In such cases, it’s tempting to take the easy way out and lower the bar for success, whereas what the AI system should really do is provide remedial practice to shore up the student’s weaknesses (so that the student develops the ability to clear the bar where it’s at).

A particular example of this that has plagued prior AI systems is allowing students to request so many hints that it renders the problem trivial. In that case, of course students will request maximum hints by default, solve the now-trivial problem, and learn little or nothing from it!

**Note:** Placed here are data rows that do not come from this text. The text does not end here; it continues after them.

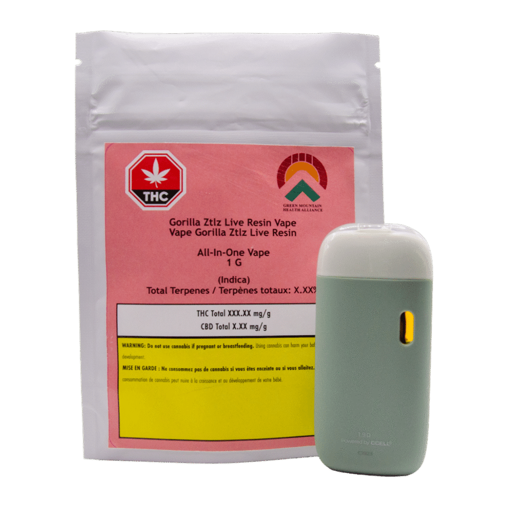 Experience bold flavour and full-spectrum potency with Gorilla Ztlz Live Resin All-in-One. Crafted from fresh-frozen flower and propane-extracted for high (8-12%) terpene richness, this 1g device delivers tropical fruit, berry, and diesel notes in every smooth pull. Cold-finish cultivation enhances aroma and depth. All in a sleek, pre-charged, draw-activated pod. No fillers, no fuss—just pure, portable vapour.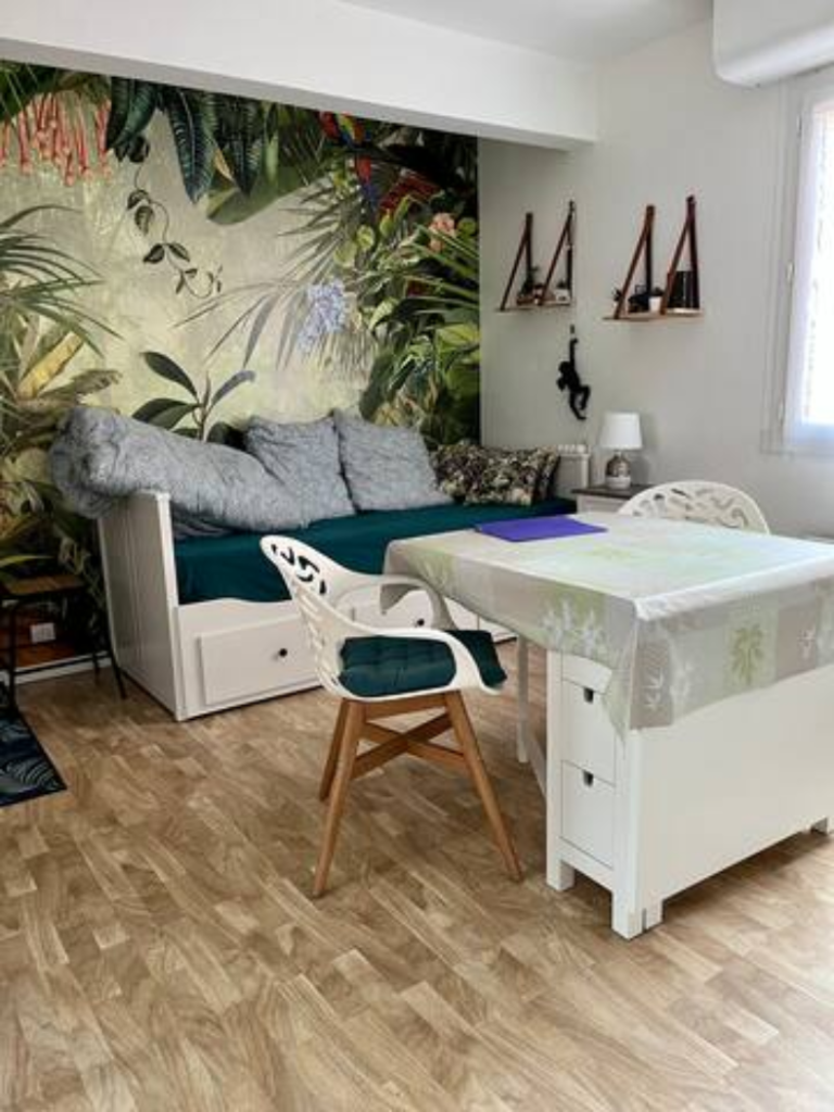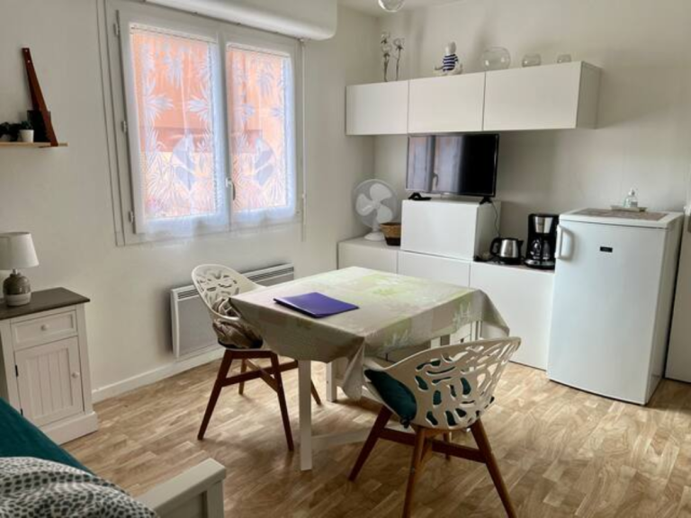 Ce joli studio sur le thème de la nature classé 2 étoiles peut accueillir 2 personnes. Il est au calme dans une résidence à 50m de la plage.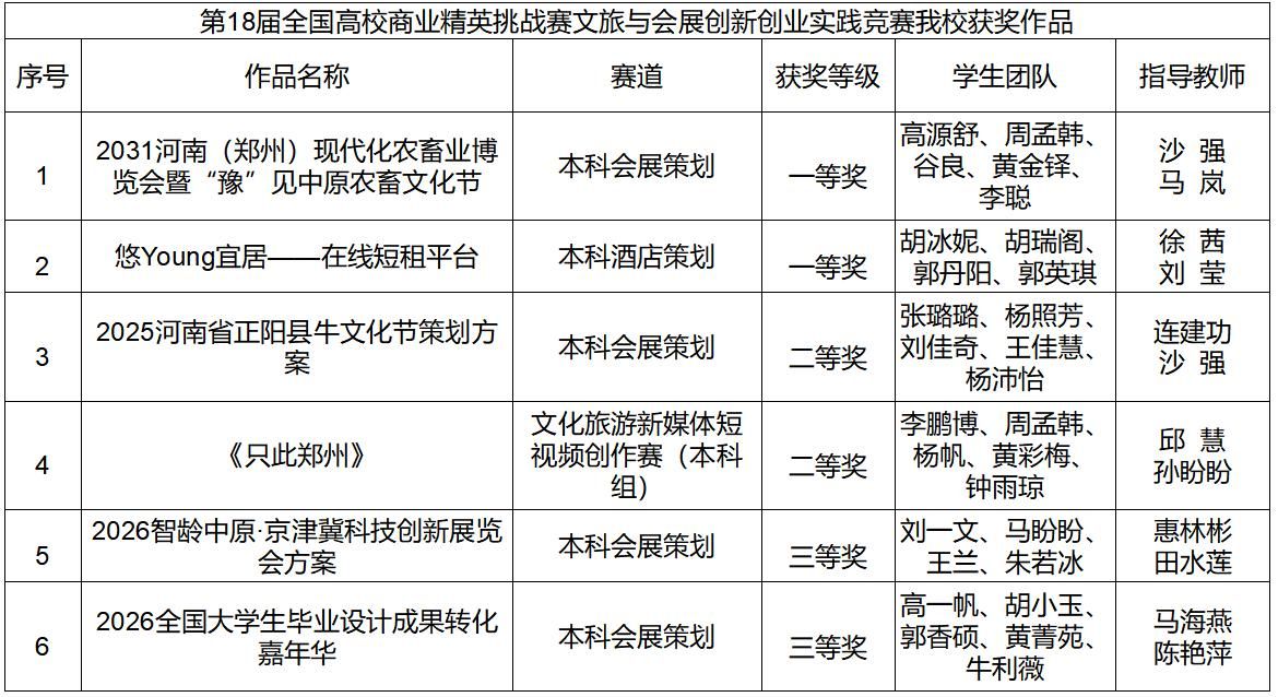 beat365英国官方网站历来重视学科竞赛,不断拓宽赛事平台,在各类省级、国家级学科竞赛中取得优异成绩。未来beat365英国官方网站将继续秉承“以赛促教、以赛促学、以赛促创”的教育理念,深化教学方法与手段的创新,强化实践育人工作,培养具备扎实专业知识、卓越实践技能、深厚科研素养和全面综合素质的文旅与会展行业领导者,以满足社会发展的需求,并在全球化的背景下展现国际视野和创新能力。(通讯员:沙强)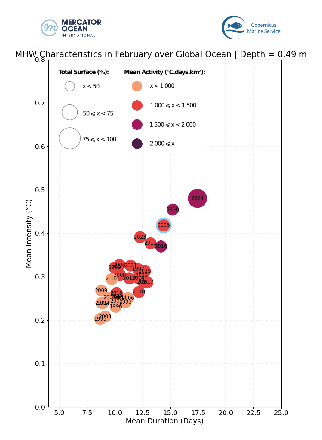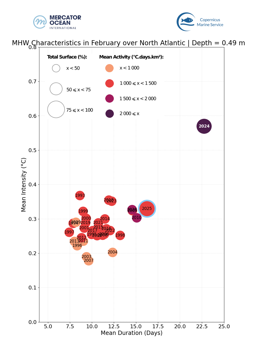 • In the North Atlantic, February 2025 was the 2nd most extreme February month in terms of surface and duration, lower than February 2024 that showed record mean intensity, duration and total activity.
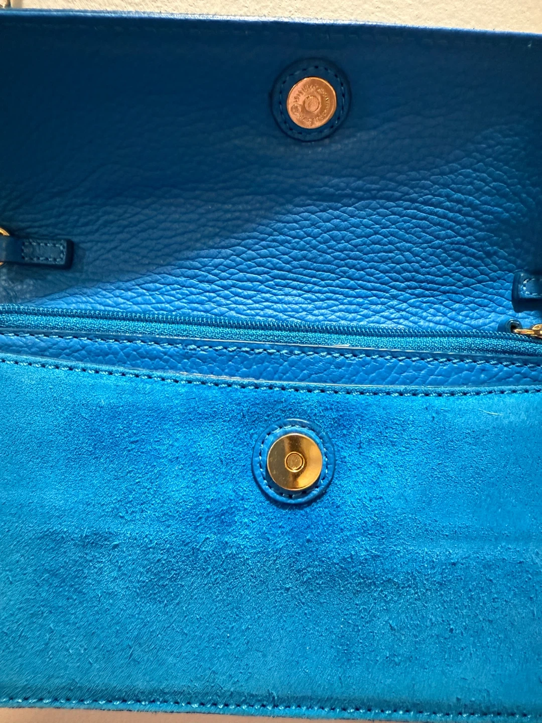 334This is a Banana Republic Italian leather and suede clutch in a vibrant blue. It features a chain strap and a magnetic closure. The interior has a zippered pocket and compartments for organization. It's a stylish and functional accessory!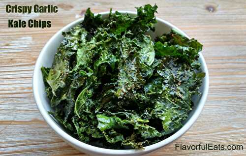 Crispy Garlic Kale Chips have the tasty, satisfying crunch of a chip, but with tons of garlic flavor and made with kale! These homemade kale chips are way better and cheaper than store bought! Crispy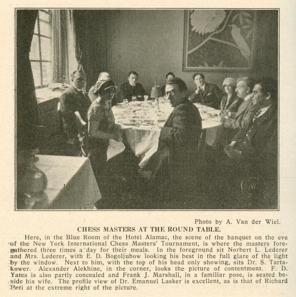 Ф. Д. Йейтс тоже частично скрыт, а Фрэнк Дж. Маршалл, в своей привычной позе, сидит рядом с женой. Отличный профиль доктора Эмануила Ласкера, а также Ричарда Рети, расположенного в крайнем правом углу фотографии.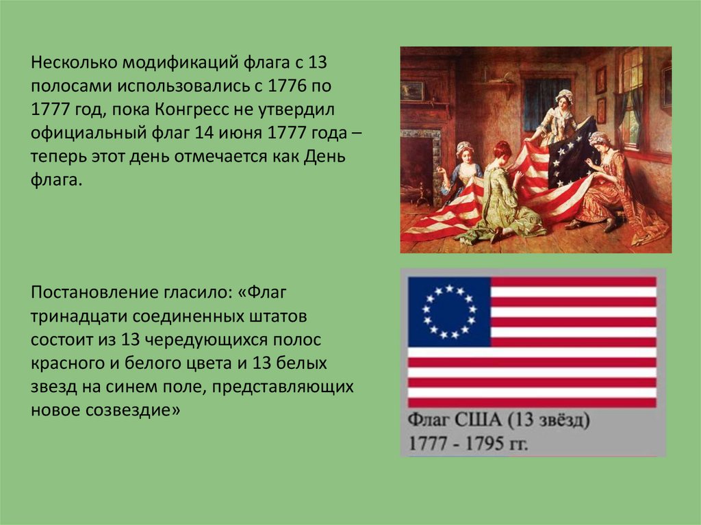 Несколько модификаций флага с 13полосами использовались с 1776 по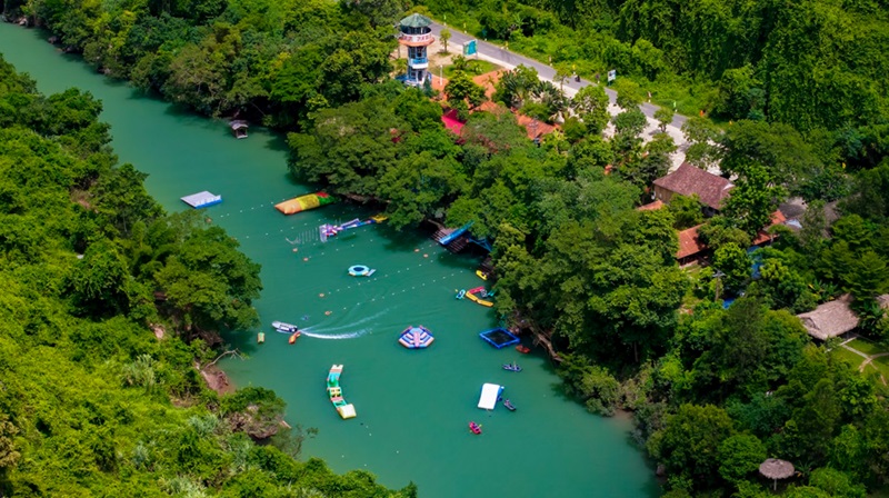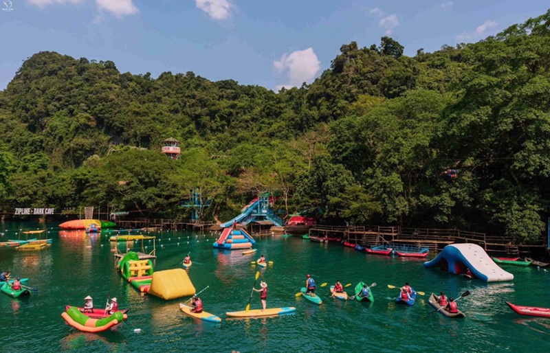 Kết thúc hành trình khám phá hang, du khách quay trở lại khu vực sông để tiếp tục tham gia các hoạt động vui chơi ngoài trời như: chèo thuyền kayak, zipline tắm sông, nhảy cầu mạo hiểm, máng trượt nước và nhiều trò chơi thể thao dưới nước hấp dẫn khác.

What does an educational AI need to do for its students to succeed?

Simply put, it has to do a good job of explaining the content AND managing the learning process.

It needs to start out with a minimal dose of explanation (in which intuition and conceptual thinking do have a place) – but then immediately switch over to active problem-solving.

During active problem-solving, students should begin with simple cases but then climb up the ladder of difficulty to cover all cases that the student could reasonably be expected to demonstrate their knowledge of on an assessment.

Assessments should be frequent and broad in coverage, and students should be assigned personalized remedial reviews based on what they answered incorrectly.‌

Students should progress through the curriculum in a personalized and mastery-based manner, only being presented with new topics when they have (as individuals, not just as a group) demonstrated mastery of the prerequisite material.

And even after a student has learned a topic, they should periodically review it using spaced repetition, a systematic way of reviewing previously-learned material to retain it indefinitely into the future.

If a student ever struggles, the system should not lower the bar for success on the learning task (e.g., by giving away hints). Rather, it should take actions that are most likely to strengthen a student’s area of weakness and allow them to clear the bar fully and independently on their next attempt.